Hazırlık için yeterli kaynak var mı? Var elbette. 1999 depreminden sonra depremin yarattığı hasarlar ve alınacak tedbirler için getirilen özel iletişim vergisinden bugüne dek toplam 66 milyar 379 milyon lira gelir elde edilmiş. 66 milyar 379 milyon lira gelir elde edilmiş özel iletişim vergisinden. Bu vergi, ilk yıllarda prefabrik ve kalıcı konutlara kira ve barınma yardımı ile zarar gören altyapıya harcanmıştı fakat AKP Hükûmeti döneminde kalıcı hâle getirilen bu verginin yıllardır nereye harcandığı bilinmiyordu, ta ki dönemin Maliye Bakanı Mehmet Şimşek, sağlık, eğitim ve duble yol için harcandığını söyleyene kadar. Bir de alay eder gibi "Bir aylık maaşımı depremzedelere bağışlayacağım." lafzına muhatap olmuştuk. Sonra, yılların deprem vergisinin aslında deprem vergisi olmadığı bile iddia edildi. AKP Genel Başkan Yardımcısı Hüseyin Çelik, başından beri deprem tedbirleri için toplanan vergi için "Bu, iletişim vergisidir." deyip çıktı işin içinden. Zaten ülkemizde haberleşme pahalı, üzerine eklenen vergiler azmış gibi, bir de ekstra vergi neden toplanıyor? Herhâlde bu soruları sormamız gerekiyor arkadaşlar. Üstelik, afet durumunda hayati olan iletişim altyapısının Türkiye'de ne durumda olduğuna, hepimiz, en son eylül ayında yaşanan İstanbul depreminde de tanık olduk. GSM operatörleri, altyapılarına zarar vermeyen 5,8 büyüklüğündeki bir depremde bile kilitlendiler.
Bakınız, "toplanma alanları" demiştik. 1999 depreminin ardından İstanbul'da 496 toplanma alanı belirlenmişti. Bugün, hemen hepsi ranta açılan toplanma alanları 77'ye düşmüş durumda 496'dan. AFAD ise minicik alanları, çocuk parklarını, cami avlularını toplanma alanı göstererek 2.354 toplanma alanı olduğunu iddia ediyor; oysa toplanma alanlarının, ikamet edilecek yani konteyner ve çadır kentlerin kurulacağı, duş, ısınma gibi temel ihtiyaçların da yer alabileceği alanlar olması gerekiyor. Ranta açılan toplanma alanlarına birkaç örnek vereyim: Yapımı sırasında 10 işçinin iş cinayetinde hayatını kaybettiği Torun Center'ın yükseldiği Ali Sami Yen Stadı, Akasya AVM'nin yer aldığı eski OTOSAN arazisi ve daha niceleri, Erenköy'de Tarım İl Müdürlüğünün bulunduğu yerler.
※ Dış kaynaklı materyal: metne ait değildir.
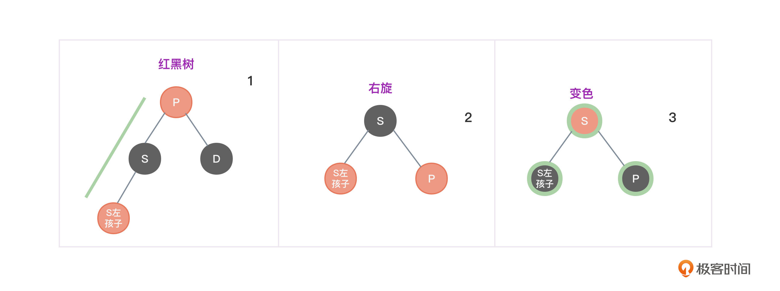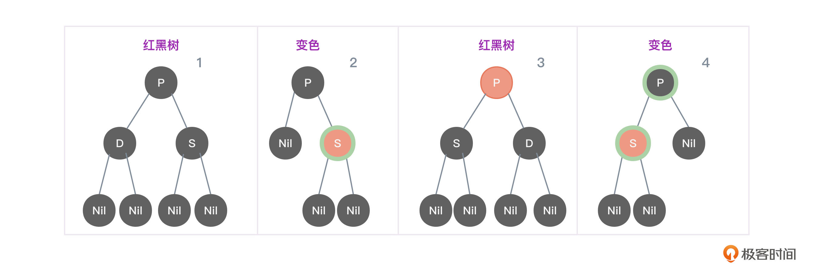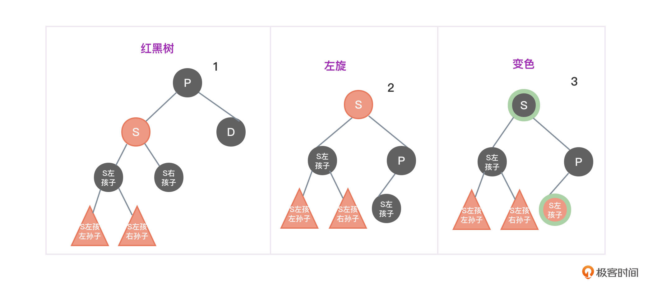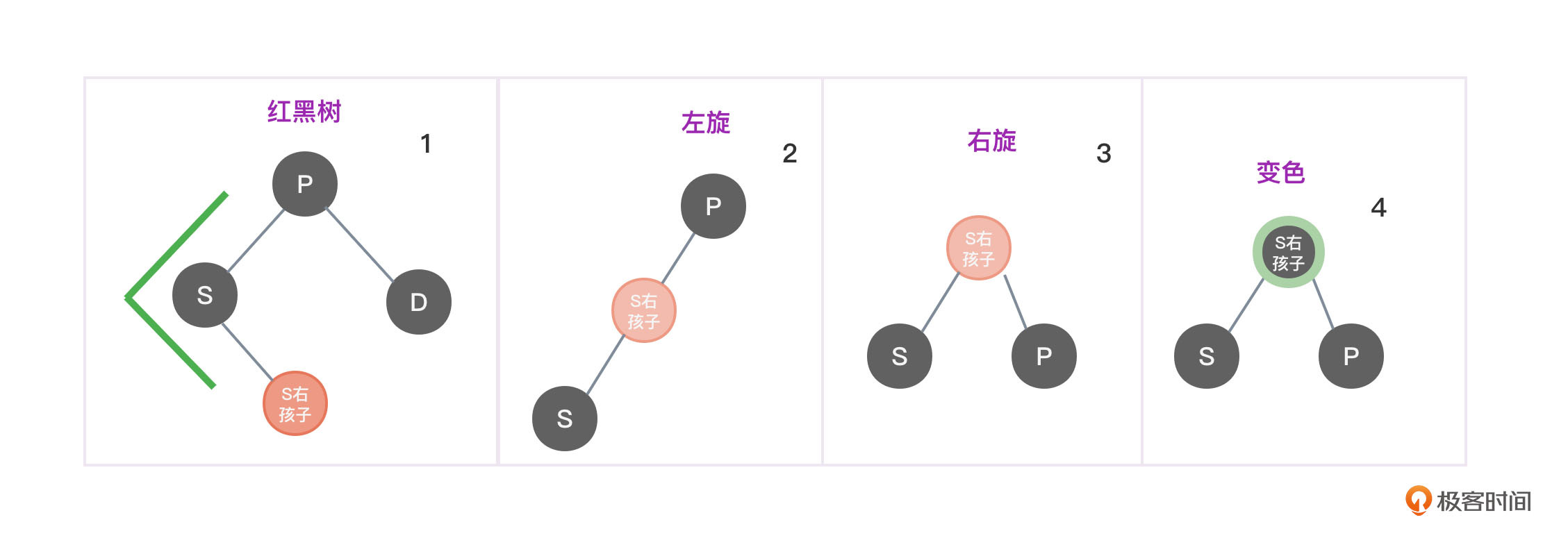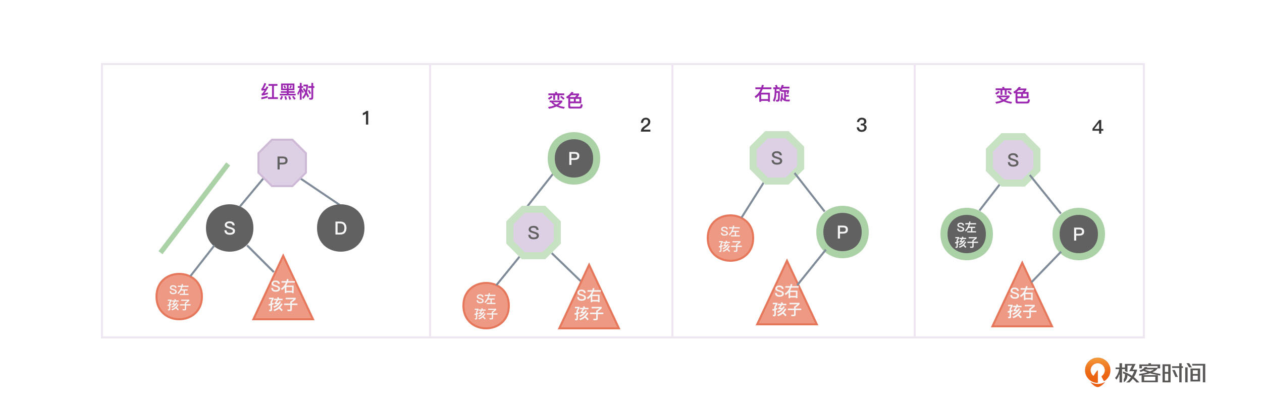 - 将节点P变成黑色,将节点S变成红色。如图3中的第2个和第4张图所示。
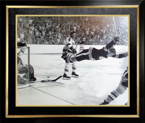 This framed 11 x 14 in. photograph features the most famous moment in hockey histroy; Bobby Orr flying through the air scoring the overtime 1970 Stanley Cup winning goal of Boston Bruins.
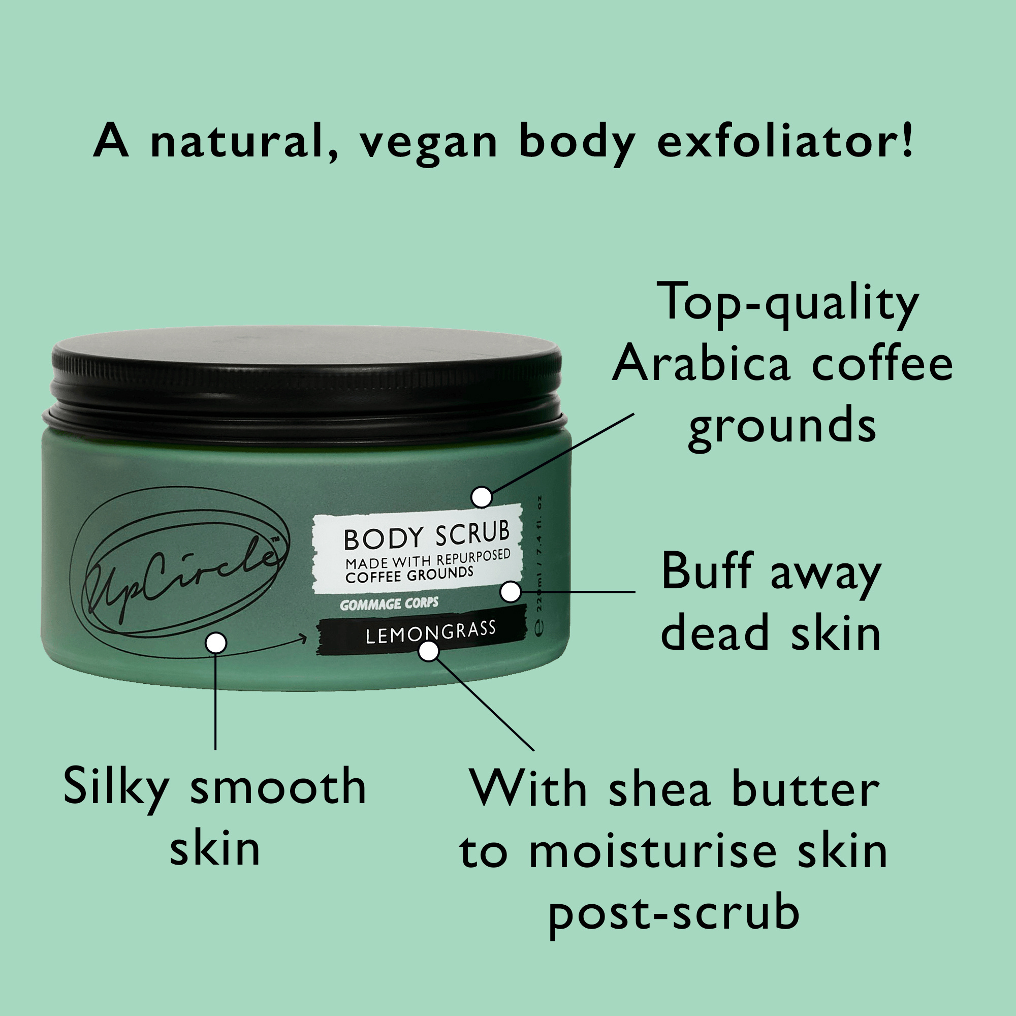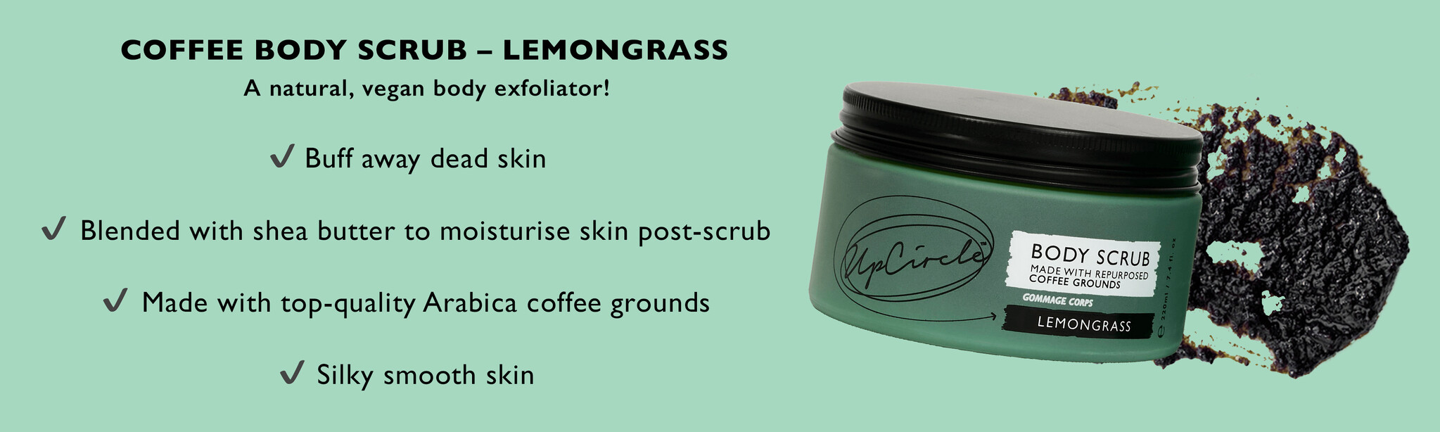 Le gommage corporel UpCircle est un gommage naturel et végan fait à partir de citronnelle et de café, enrichi en sel marin, citron vert et huile de coco. Ce gommage exfolie la peau en prenant soin d'éliminer les cellules mortes, laissant votre épiderme doux et soyeux.
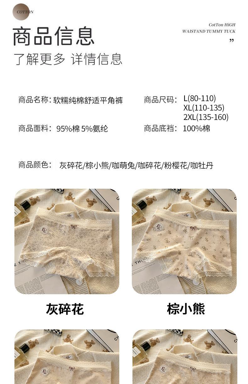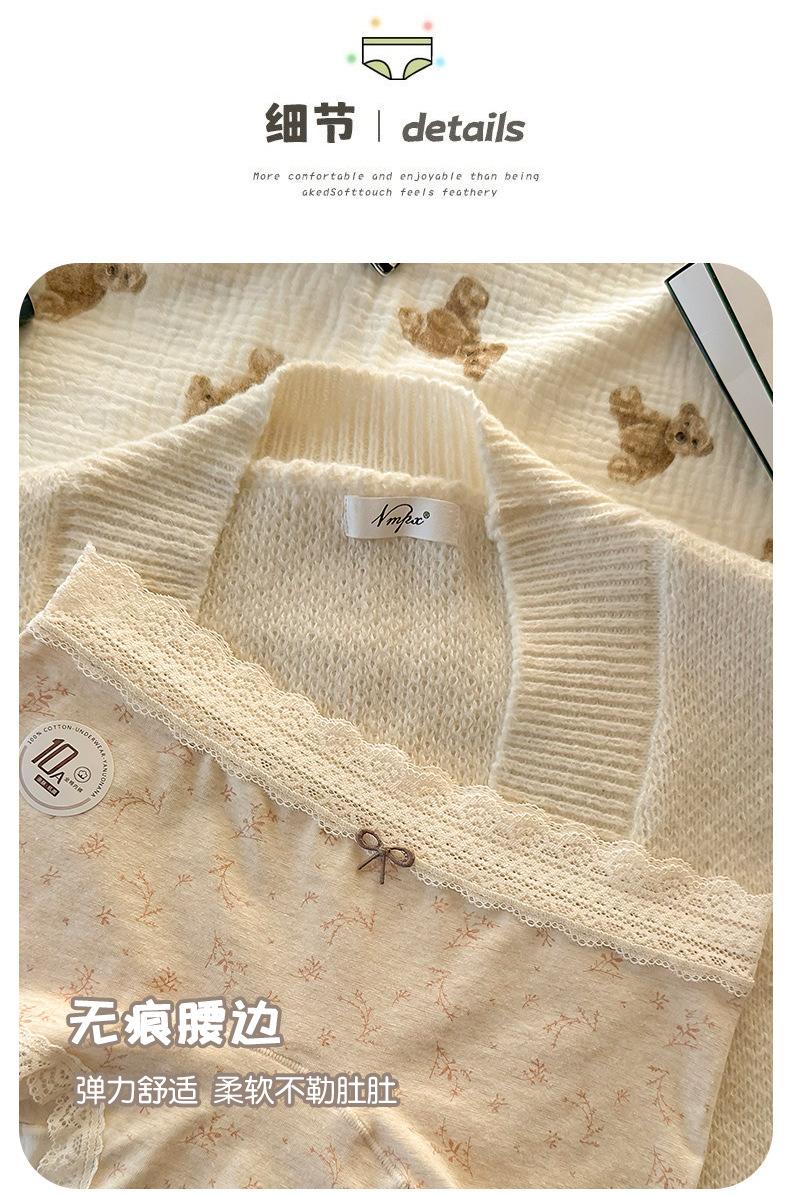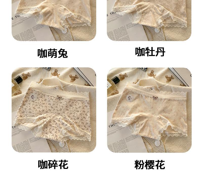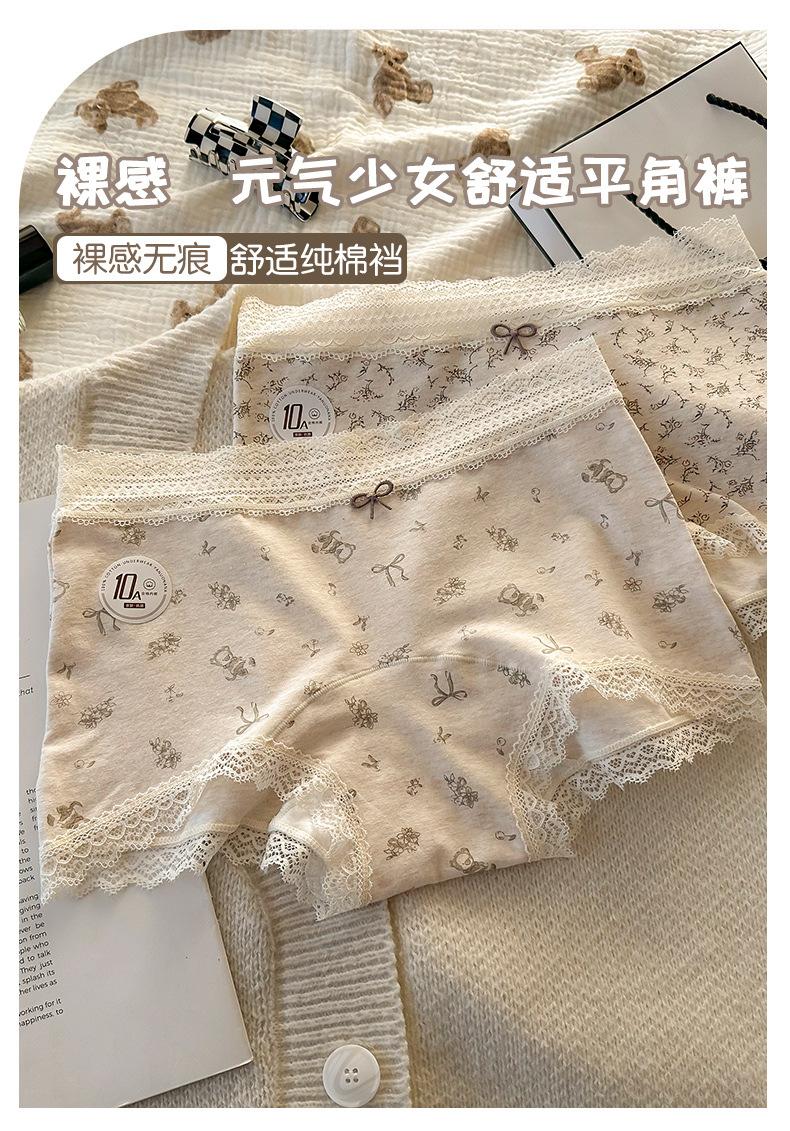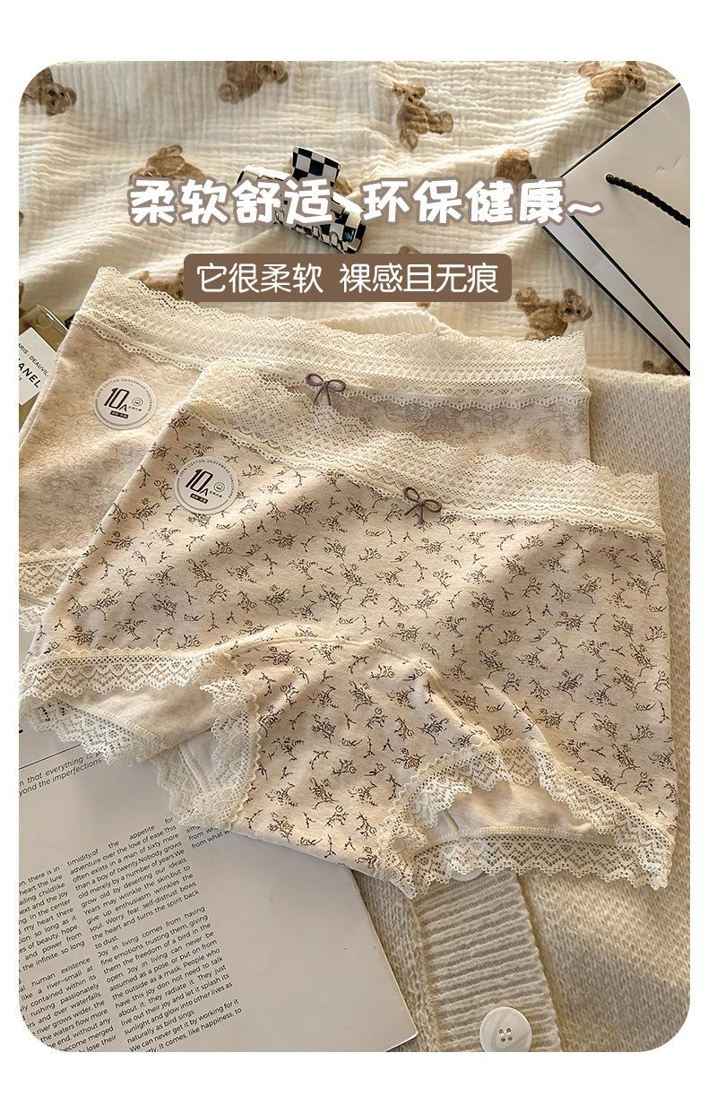 Algodão Cor Natural Algodão Puro Calcinhas Femininas Acabamento em Renda Calcinhas Cavas Retas Que Cobrem o Quadril Doce Pequeno Floral Crotch Estendido e Alargado

Evet, mesele yine rant, yine rant. Her şey ve her dönüşüm deprem değil rant odaklı arkadaşlar. 2 milyon ruhsatsız ve iskânsız bina var fakat projeler kentlerin rant değeri yüksek bölgelerinden başlatılıyor. Mevcut yapı stokunun büyük bir kısmı onarılıp güçlendirilebilecekken "yık, yap" anlayışıyla yalnızca kârı hedefleyen projeler hazırlanıyor.
Türk Mühendis ve Mimar Odaları Birliğinin ve akademisyenlerin yıllardır üzerinde durduğu gibi, tüm mevcut binaların önce envanterinin çıkarılması "yık, yap" anlayışı yerine güçlendirilebilecek binaların bir an önce güçlendirme çalışmalarının yapılması gerekiyor. İstanbul ve Van depremleri yüreğimizin büyük bir acısıdır ama biz bunun sadece bir felaket, doğal afet olmadığını biliyoruz. Deprem değil sorumsuzluk öldürür arkadaşlar.